Droste [3] was the first to prove rigorously that the cGA is efficient on OneMax by providing a bound of \(O(n^{1+\varepsilon })\) on the runtime. Recently, this bound was refined to \(O(n\log n)\) by Sudholt and Witt [21, 22]. However, this bound only applies to a very specific setting of the hypothetical population size K, which is an algorithm-specific parameter of the cGA. Parameters equivalent to K exist in other EDAs, including the UMDA mentioned above.

The choice of the parameter K is crucial for EDAs. It governs the speed at which the probabilistic model is adjusted towards the structure of recently sampled good solutions; more precisely, at hypothetical population size K the algorithm makes steps of size 1/K. If this step size is too large, the adjustment is too greedy, it is too likely to adapt to incorrect parts of sampled solutions and the system behaves chaotically. If it is too small, adaptation takes very long. However, the dependency of the runtime of the cGA and the UMDA on the population size is very subtleFootnote 1. For both the cGA and the UMDA, it is possible to pick some small step size that leads to optimal performance where with high probability all decisions are made correctly, but still as fast as possible. For the UMDA it was shown that there is another, much bigger step size (corresponding to smaller population size) that allows incorrect decisions to be reflected in the probabilistic model for a while, but this is compensated by faster updates.

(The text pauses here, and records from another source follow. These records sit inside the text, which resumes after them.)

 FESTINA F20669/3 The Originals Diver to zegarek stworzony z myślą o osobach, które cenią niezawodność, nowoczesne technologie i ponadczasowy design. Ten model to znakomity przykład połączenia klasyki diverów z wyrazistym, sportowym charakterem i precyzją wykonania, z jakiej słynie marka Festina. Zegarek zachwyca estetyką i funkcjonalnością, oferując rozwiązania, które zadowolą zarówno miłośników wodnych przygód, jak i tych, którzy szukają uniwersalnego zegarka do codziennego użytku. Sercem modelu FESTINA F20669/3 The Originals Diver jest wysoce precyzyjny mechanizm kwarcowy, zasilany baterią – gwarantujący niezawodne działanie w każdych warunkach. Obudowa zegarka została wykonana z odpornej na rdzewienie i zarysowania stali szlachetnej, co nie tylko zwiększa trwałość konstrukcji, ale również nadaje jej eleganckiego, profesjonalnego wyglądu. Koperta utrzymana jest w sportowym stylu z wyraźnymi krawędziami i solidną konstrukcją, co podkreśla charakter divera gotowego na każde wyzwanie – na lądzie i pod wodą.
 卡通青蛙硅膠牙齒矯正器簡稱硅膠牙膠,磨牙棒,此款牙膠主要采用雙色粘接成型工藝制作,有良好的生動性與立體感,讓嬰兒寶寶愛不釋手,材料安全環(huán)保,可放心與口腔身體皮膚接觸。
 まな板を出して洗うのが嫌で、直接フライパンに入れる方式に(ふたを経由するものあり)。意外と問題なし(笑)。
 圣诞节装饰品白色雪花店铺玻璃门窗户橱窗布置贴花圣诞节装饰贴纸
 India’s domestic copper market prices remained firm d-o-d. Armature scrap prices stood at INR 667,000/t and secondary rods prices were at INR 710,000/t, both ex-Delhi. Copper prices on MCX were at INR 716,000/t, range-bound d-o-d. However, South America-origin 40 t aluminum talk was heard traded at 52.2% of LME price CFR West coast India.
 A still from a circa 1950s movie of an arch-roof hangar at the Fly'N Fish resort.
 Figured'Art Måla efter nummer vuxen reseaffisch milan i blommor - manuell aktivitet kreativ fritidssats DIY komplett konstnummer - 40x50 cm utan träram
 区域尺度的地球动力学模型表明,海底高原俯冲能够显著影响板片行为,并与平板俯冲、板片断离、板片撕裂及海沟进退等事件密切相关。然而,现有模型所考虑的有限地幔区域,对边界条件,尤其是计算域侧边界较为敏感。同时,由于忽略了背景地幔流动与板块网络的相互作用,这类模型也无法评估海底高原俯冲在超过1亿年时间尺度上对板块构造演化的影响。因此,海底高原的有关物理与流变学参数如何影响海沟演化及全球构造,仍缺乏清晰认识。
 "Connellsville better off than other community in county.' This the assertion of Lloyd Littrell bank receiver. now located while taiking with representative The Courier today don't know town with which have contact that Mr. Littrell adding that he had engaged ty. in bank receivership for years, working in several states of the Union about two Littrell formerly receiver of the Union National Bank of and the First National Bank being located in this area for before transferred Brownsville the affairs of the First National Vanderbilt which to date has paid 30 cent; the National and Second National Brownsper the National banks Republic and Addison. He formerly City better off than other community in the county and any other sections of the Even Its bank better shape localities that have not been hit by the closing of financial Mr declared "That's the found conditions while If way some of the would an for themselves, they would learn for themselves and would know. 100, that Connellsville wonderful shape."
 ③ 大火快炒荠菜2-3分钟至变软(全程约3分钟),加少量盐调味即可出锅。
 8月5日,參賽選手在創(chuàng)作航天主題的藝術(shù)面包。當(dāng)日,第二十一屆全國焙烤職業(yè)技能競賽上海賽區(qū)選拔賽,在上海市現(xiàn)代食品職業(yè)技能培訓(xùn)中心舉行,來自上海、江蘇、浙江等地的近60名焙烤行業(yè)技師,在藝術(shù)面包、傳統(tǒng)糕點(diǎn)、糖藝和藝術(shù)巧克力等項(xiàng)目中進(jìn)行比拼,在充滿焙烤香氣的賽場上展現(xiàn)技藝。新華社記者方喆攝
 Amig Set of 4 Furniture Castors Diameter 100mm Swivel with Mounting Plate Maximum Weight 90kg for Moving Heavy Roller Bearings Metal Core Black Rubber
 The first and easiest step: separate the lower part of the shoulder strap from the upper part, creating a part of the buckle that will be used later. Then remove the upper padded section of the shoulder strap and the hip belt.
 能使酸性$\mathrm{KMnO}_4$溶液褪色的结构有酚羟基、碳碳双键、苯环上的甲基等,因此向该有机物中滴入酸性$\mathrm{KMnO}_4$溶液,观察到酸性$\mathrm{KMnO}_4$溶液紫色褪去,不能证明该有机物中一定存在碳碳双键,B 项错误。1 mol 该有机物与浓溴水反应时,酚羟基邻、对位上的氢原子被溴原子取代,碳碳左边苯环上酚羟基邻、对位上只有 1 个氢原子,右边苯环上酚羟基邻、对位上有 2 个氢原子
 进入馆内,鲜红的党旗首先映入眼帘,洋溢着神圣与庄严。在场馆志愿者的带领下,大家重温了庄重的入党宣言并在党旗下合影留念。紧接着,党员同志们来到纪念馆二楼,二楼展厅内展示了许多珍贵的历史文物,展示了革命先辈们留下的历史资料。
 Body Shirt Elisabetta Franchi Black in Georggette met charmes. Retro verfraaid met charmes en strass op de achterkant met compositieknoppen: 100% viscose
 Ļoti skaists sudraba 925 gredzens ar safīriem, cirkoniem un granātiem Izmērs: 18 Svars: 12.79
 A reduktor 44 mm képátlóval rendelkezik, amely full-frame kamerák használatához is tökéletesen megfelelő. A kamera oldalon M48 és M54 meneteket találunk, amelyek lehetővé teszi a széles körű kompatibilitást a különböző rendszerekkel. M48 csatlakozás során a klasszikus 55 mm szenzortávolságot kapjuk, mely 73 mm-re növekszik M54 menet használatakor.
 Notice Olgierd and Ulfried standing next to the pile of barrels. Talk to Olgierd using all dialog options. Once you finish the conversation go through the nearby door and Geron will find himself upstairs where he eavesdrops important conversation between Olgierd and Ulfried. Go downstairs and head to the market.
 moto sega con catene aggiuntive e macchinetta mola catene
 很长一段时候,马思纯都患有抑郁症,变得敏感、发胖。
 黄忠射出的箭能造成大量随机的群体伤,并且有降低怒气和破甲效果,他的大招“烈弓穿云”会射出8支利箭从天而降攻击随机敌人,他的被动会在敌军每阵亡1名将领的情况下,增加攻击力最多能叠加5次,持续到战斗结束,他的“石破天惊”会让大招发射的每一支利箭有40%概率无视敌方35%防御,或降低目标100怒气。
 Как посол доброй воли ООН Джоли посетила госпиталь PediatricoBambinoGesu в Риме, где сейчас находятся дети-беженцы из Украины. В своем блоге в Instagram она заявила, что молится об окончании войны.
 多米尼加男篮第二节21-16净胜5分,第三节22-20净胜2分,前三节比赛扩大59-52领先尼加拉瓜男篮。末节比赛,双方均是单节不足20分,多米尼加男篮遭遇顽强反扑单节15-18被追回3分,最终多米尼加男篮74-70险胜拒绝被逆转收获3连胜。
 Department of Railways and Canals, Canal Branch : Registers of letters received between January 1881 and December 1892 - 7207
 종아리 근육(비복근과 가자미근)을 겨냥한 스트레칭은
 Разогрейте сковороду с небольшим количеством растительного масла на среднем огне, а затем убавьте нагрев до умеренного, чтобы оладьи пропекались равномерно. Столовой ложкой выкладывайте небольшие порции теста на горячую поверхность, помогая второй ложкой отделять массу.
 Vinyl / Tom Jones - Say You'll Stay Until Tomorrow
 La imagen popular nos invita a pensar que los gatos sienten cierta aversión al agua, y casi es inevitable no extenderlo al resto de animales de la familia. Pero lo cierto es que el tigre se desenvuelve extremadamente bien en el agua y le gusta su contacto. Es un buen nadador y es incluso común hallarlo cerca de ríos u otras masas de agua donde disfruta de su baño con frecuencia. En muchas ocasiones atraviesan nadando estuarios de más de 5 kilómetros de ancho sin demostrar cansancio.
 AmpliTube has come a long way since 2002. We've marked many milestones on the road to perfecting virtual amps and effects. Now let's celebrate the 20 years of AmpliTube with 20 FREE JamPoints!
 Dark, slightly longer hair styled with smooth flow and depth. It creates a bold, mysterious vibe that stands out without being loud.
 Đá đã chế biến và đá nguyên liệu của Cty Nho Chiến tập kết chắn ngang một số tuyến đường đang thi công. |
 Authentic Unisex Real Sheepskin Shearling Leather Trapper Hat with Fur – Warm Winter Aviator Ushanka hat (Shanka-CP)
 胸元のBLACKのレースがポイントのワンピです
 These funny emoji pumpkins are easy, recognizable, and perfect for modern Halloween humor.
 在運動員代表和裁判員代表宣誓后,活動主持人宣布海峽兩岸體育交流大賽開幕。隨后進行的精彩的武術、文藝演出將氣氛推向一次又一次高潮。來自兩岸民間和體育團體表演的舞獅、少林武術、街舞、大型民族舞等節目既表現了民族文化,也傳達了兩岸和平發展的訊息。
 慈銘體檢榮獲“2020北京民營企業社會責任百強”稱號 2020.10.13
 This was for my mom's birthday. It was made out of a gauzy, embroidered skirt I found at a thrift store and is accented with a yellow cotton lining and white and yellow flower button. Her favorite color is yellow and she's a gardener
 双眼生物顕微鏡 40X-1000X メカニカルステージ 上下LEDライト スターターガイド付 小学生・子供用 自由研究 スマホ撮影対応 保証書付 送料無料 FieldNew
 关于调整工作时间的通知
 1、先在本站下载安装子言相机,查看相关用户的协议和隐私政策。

More concretely, the results from [22] show that for \(K\ge c\sqrt{n}\log n\), where c is an appropriate constant, the cGA and the UMDA (with K being replaced by the corresponding parameter \(\lambda\)) optimise OneMax efficiently since for all marginal probabilities of the model, the so-called frequencies, the probabilities of sampling a one increase smoothly towards their optimal value because of the small step size 1/K. The same holds for the UMDA, leading to runtime bounds \(O(\lambda n)\) and \(O(\lambda \sqrt{n})\), respectively [2, 24]—where for some parameter ranges the results rely on the additional assumption \(\lambda = (1+\varTheta (1))\mu\). In these regimes the dynamics of the algorithm can also be well described by gambler’s ruin dynamics [8, 9]. At \(K=c\sqrt{n}\log n\) (resp. \(\lambda =c\sqrt{n}\log n\)) both algorithms optimise OneMax in expected time \(O(n\log n)\). For smaller step sizes (larger K), at least for the cGA it is known that the runtime increases as \(\varOmega (K\sqrt{n})\) [22].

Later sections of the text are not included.